Histogram and density plots in R Programming - Time & Space Complexity
When creating histogram and density plots in R, it is important to understand how the time to draw these plots changes as the amount of data grows.
We want to know how the number of data points affects the time it takes to build these visual summaries.
Analyze the time complexity of the following code snippet.
data <- rnorm(n) # generate n random numbers
hist(data, breaks=30) # create histogram with 30 bins
density_data <- density(data) # calculate density estimate
plot(density_data) # plot the density curve
This code generates n random numbers, creates a histogram with fixed bins, then calculates and plots a density curve.

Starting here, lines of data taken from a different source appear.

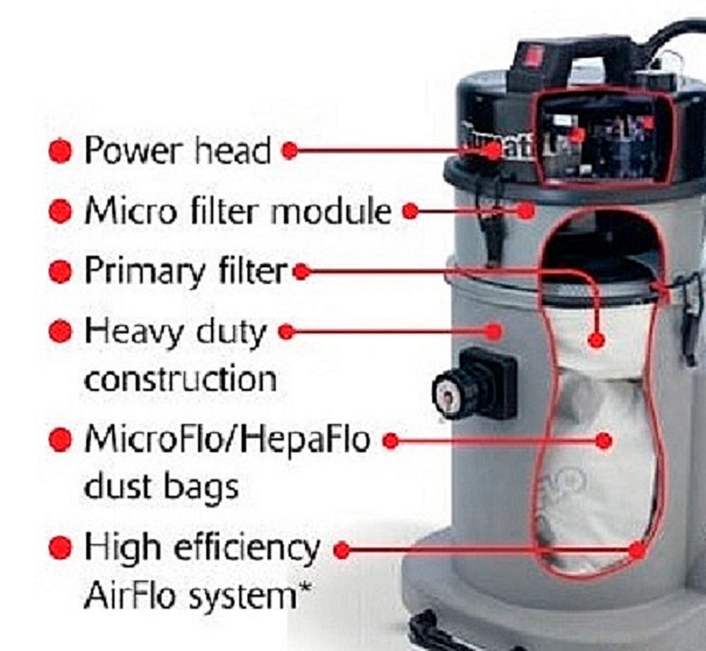 The HepaFlo dust-bag, together with the primary crossflow filter, maximises airflow to the HEPA (Micro) filter module; once full dust-bags can be changed in a matter of seconds.
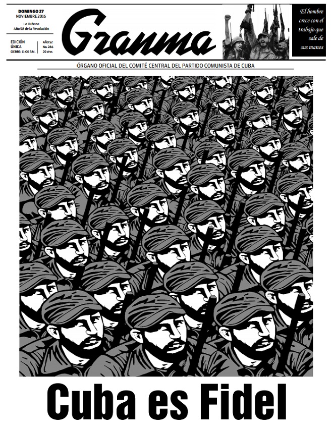 Com a manchete “Cuba é Fidel", o periódico se concentra em retratar a vida do ex-comandante em chefe cubano, ressaltar o papel popular no processo revolucionário iniciado na década de 1950
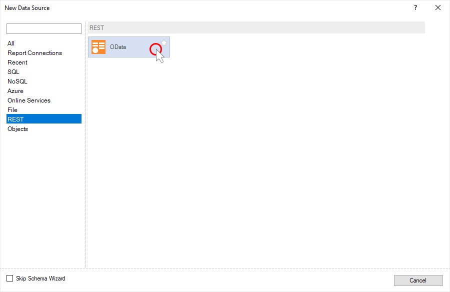 Step 7: After successful installation of the data adapter, a window for creating a connection to the data storage will open. In the case of the OData data storage, the data path should be specified.
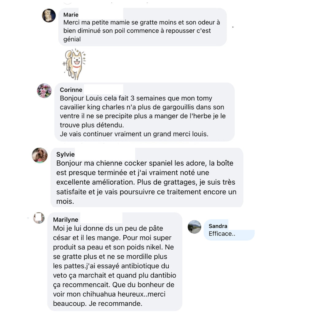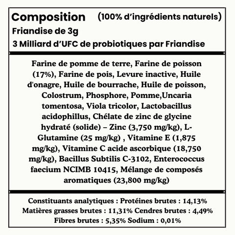 Ces ingrédients nous permettent de rajouter du goût, de la texture ainsi que certaines propriétés anti-inflammatoires afin de garantir que votre chien appréciera nos friandises et qu'elles auront des effets bénéfiques sur lui. ❤️
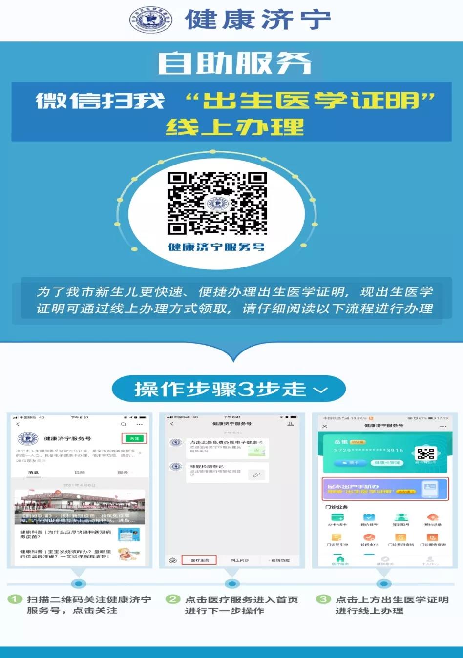 微信关注“健康济宁服务号”,即可享受线上办理出生医学证明并邮寄到家的便民利民服务。
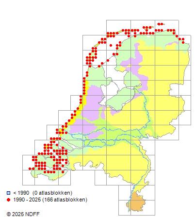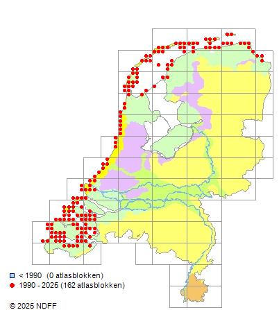 Het aantal atlasblokken (5x5 km) waarin de soort is gemeld binnen een periode van vijf jaar (vanaf 1980) of twintig jaar. Niet gecorrigeerd voor waarnemersinspanning en het aantal doorgegeven waarnemingen kan sterk variëren per periode, dus een trend in verspreiding kan hier niet direct uit worden afgelezen. Het opgegeven jaartal is het eerste jaar van de periode. Bron: gevalideerde waarnemingen uit de NDFF.
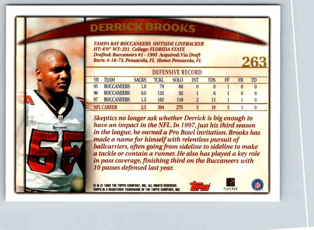 This 1998 Topps Derrick Brooks #263 card is a must-have for any football fan. Featuring a full-color head shot of the beloved NFL great, this card is sure to be a favorite in any collection. The back of the card lists Brooks' vital stats, including his height, weight, and date of birth. This card is perfect for any fan of the Tampa Bay Buccaneers, or any fan of the legendary Brooks. Add it to your collection today!
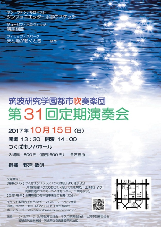 筑波研究学園都市吹奏楽団は、10月15日(日)茨城県つくば市ノバホールにて、第31回定期演奏会を開催する。
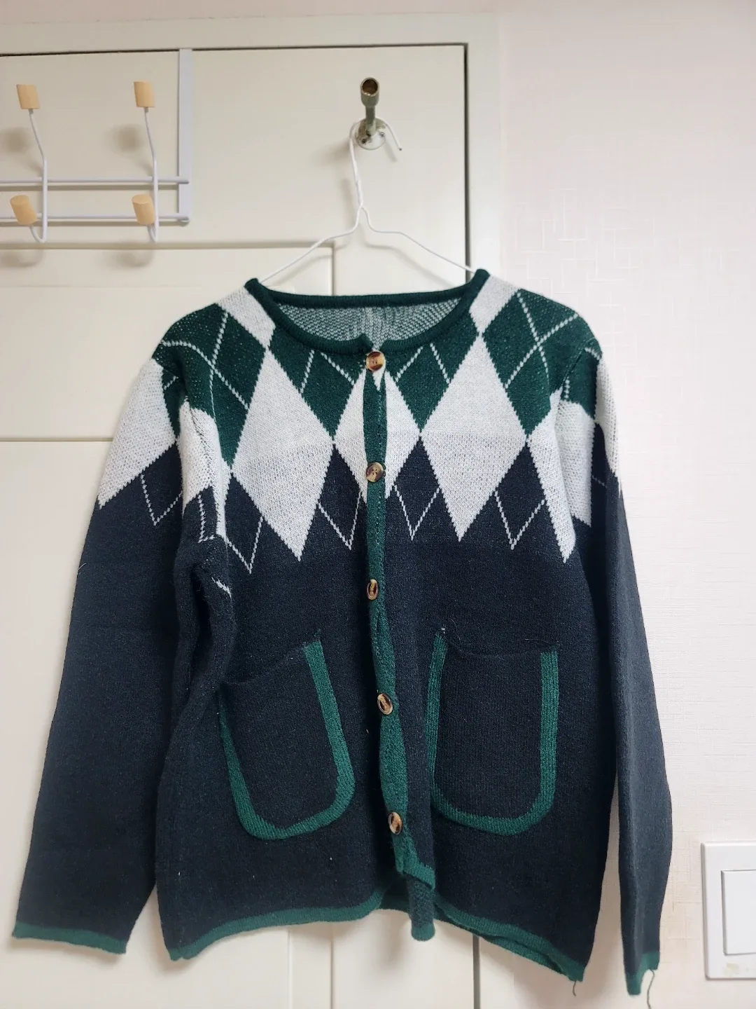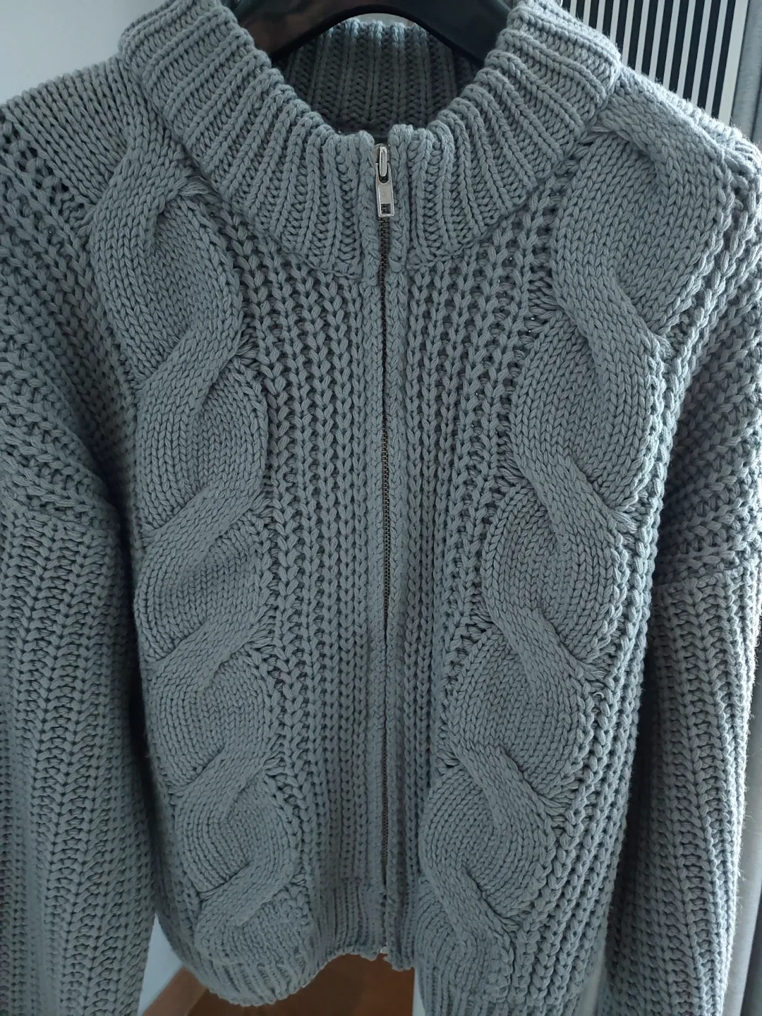 번개남녀공용 케이블 니트 집업 가디건 (L/XL) 빈티지 감성 봄 가을
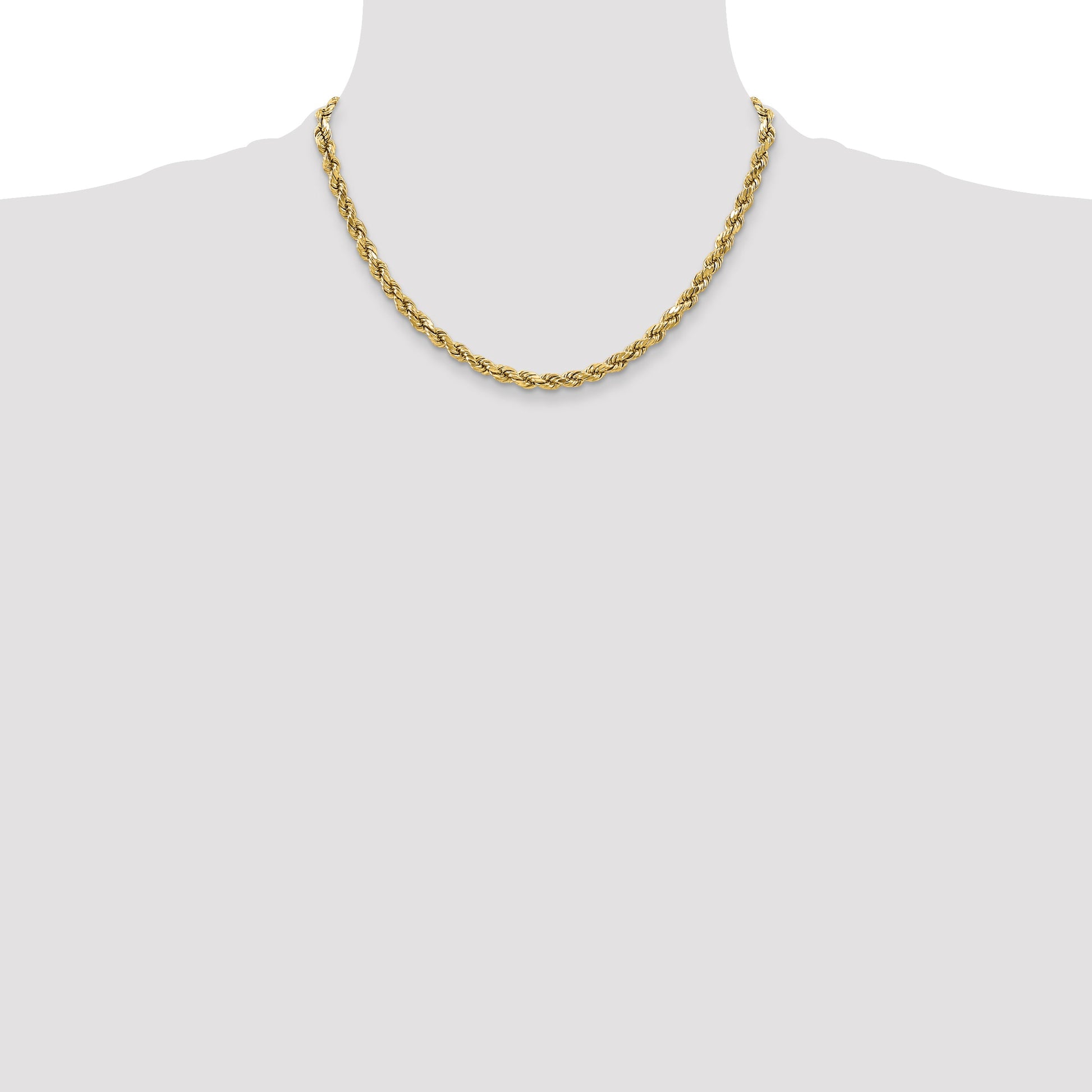 The 10K Yellow Gold 3.5mm Semi-Solid D/C Rope Chain is a fine piece of jewelry that adds elegance to any outfit. Crafted with 10K polished yellow gold, this 18-inch chain is designed with a sturdy lobster claw clasp. Its 3.5mm diamond-cut rope style gives it a shining, textured look that catches the light beautifully. The semi-solid design provides both durability and a luxurious feel. Ideal for daily wear or special occasions, the 10K Yellow Gold 3.5mm Semi-Solid D/C Rope Chain is a timeless accessory that complements any neckline.
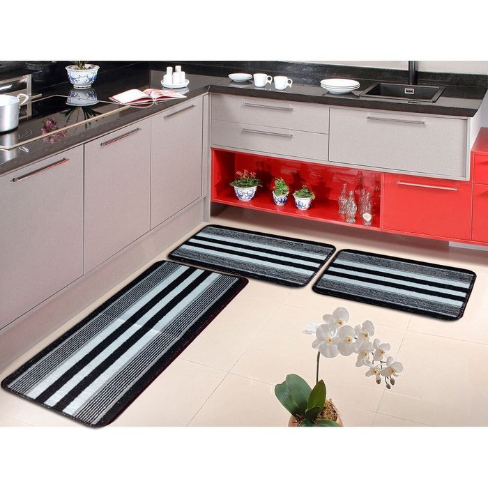 Jogo Tapete Cozinha Kit 3 Peças Antiderrapante Belo Kit Cor 18 Preto
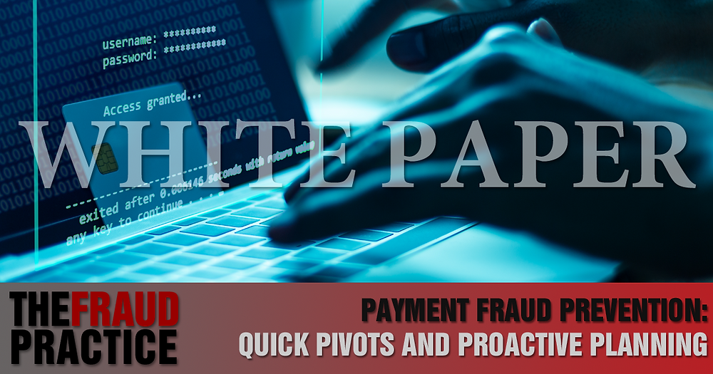 This free white paper from The Fraud Practice discusses the dual mandates of a successful payment fraud prevention strategy: responding to fraud attacks immediately with quick pivots while maintaining an effective long-run strategy that evolves over time with proactive planning to keep pace with dynamic fraud trends and align with internal business goals.

Identify the loops, recursion, array traversals that repeat.
- Primary operation: Traversing all n data points to count which bin they belong to for the histogram and to compute the density estimate.
- How many times: Each data point is processed once when building the histogram bins and once when estimating density.
As the number of data points n increases, the time to assign points to bins and calculate density grows roughly in direct proportion.
| Input Size (n) | Approx. Operations |
|---|---|
| 10 | About 10 operations to process points |
| 100 | About 100 operations |
| 1000 | About 1000 operations |
Pattern observation: Doubling the data roughly doubles the work needed to build the histogram and density plot.
Time Complexity: O(n)
This means the time to create histogram and density plots grows linearly with the number of data points.
[X] Wrong: "Adding more bins will make the plot take much longer because it loops over bins too many times."
[OK] Correct: The main work is assigning each data point to a bin, which happens once per point. The number of bins affects only a small part of the calculation, so it does not change the overall time much.
Understanding how data size affects plotting time helps you write efficient code and explain performance clearly, a useful skill in many programming tasks.
"What if we changed the number of bins dynamically based on n? How would the time complexity change?"